Eines wird bereits nach wenigen Akkorden des Openers „Just Like My Other Sins“ klar: Gavins unverwechselbare Stimme war, ist und bleibt Dreh- und Angelpunkt des BUSH-Alternative-Sounds, der ansonsten gelegentlich ein wenig altersmilde daher kommt. Nun, die Jahre sind auch an Rossdale, Chris Traynor (seit 2002 Gitarre), Robin Goodridge (Drums) und Corey Britz (Bass) nicht spurlos vorübergegangen, doch bringt der Vierer immer noch eine enorme Intensität mit, die sich nicht nur im Titeltrack „Man On The Run“ entlädt. Nachdenklich schließt sich das eingängige „The Only Way Out“ an, während „The Gift“ behände Druck aufbaut und eine ganz besondere Stimmung zaubert.
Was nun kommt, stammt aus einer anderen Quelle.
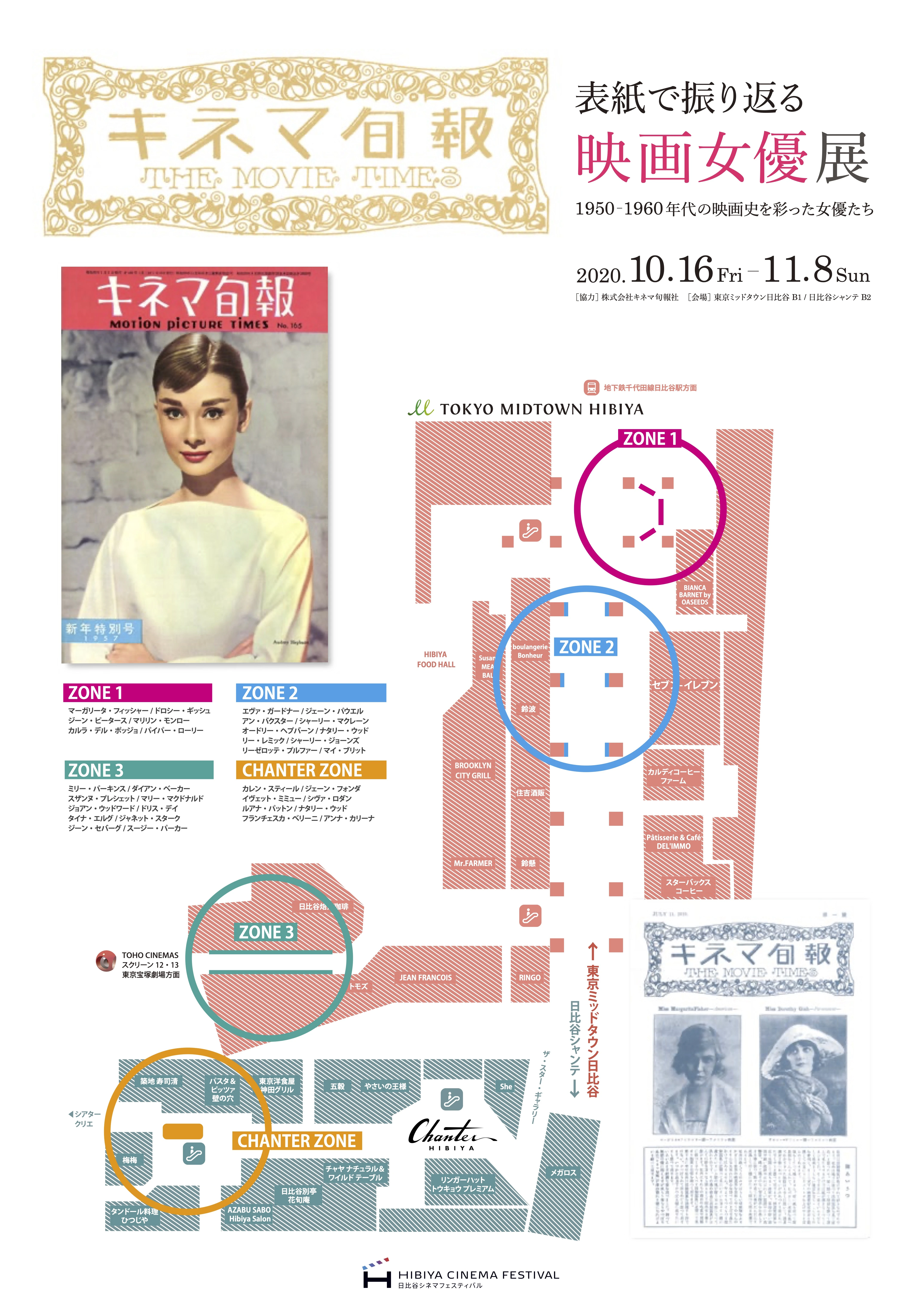 2020年10月16日(金)〜11月8日(日)に開催される「日比谷シネマフェスティバル2020」の会場となる日比谷ミッドタウン、日比谷シャンテ内に、1950〜1960年代を彩った映画女優たちの「キネマ旬報」表紙パネル、約30点が展示されます。開期中は、「トロント日本映画祭」や「東京国際映画祭」とも連携した多彩な上映プログラム等も同時開催されております。

Derweil legt „This House Is On Fire“ ne Schippe drauf und auch „Loneliness Is A Killer“ bringt ordentlich Wumms mit. „Bodies In Motion“ lässt wenig später die Gitarren flirren, hier hätte etwas mehr Dynamik an der einen oder anderen Stelle dem Sound allerdings gut getan, während „Broken in Paradise“ auf sicherem Terrain wandelt und „Surrender“ in den Slow-Motion-Modus wechselt. „Dangerous Love“ und „Eye of The Storm“ setzen auf große Gefühle, bevor „Let Yourself Go“ und„Speeding Through The Bright Lights“ Spannung aufbauen, die in “The Golden Age” ihren Höhepunkt findet. Hier zeigen BUSH noch mal mit großem Besteck, was in ihnen steckt.

Auch wenn’s im Mittelteil ein bisschen holpert, ist „Man On The Run“ ein absolut hörenswertes Lebenszeichen der Briten, die auch 2014 noch wissen, wie’s geht und nicht den Fehler machen, sich selbst zu kopieren.